14 October 2009

"Can You Hear Us Now?" Good?

Tea-partiers and like-minded people think that they aren't getting proper recognition from the media. They feel that the turnout for the September 12 march on Washington was underreported and the event itself largely ignored by most major news organizations. The next phase of the struggle, then, is to get into the faces of the media, metaphorically or not. Operation "Can You Hear Us Now?" has targeted news organizations for mass calls and e-mails, and in Albany organizers are planning a live event, a demonstration outside the offices of the local newspaper, the Times Union. Of course, with the event scheduled for a Saturday the demonstration may not get as much coverage as the protesters hope for, but they presume that their proximity will make it impossible for whatever reporters are there to ignore them.

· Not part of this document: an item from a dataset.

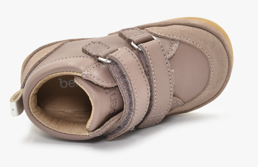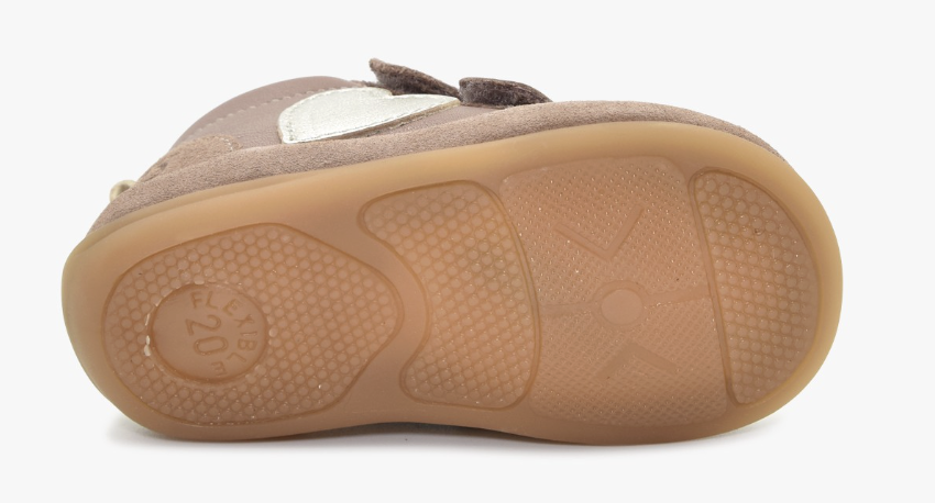 Les chaussures premiers pas Aubépine cœur de Benjie, en vieux rose et champagne, offrent confort et souplesse pour accompagner les premiers pas de votre enfant.

Again, people opposed to "big government" are showing initiative I once thought them incapable of. The revival of a populist streak has in many cases overcome what I took to be a characteristic conservative aversion to crowds or the mob mentality. It seems like the "right" has the field to itself, apart from still-aggrieved minorities, because the "left" suffers from a complacency based on the belief that Barack Obama is their President. Instead of taking to the streets themselves to pressure the Democratic regime to push through more progressive reforms, they look at opposition demonstrations and imagine the brownshirts on the march. Some won't go that far in their fearful rhetoric, but many of those most likely still see the tea parties and like phenomena as irrational mobs. My point is not that they aren't irrational mobs, but that it's odd and even unseemly to see the "left" look down its collective nose at mass demonstrations. Maybe it's understandable when they're demonstrations of which leftists don't approve, but shouldn't it be the leftist strategy to prove that they are the party of the people by bringing out the bigger battalions, to answer every tea party or anti-"big government" outburst with a larger demonstration of support for bigger and better government in the people's interest? I can't help but wonder whether too many liberals, progressives, etc. simply act now on the assumption that the Democratic Party is the proper vehicle for all their aspirations, and that to go off the rez to make demands of the Dems would simply confuse things. It should come as no surprise if that's the case, since that's what most reactionaries do when the Republican party holds the national reins. But the reactionaries are doing more now while out of power than they've done during past cycles of exile. The question now is whether progressives can match or top them while they arguably have some chance of influencing government by doing so, or whether it'll take yet another Democratic crack-up to galvanize them into more constant action.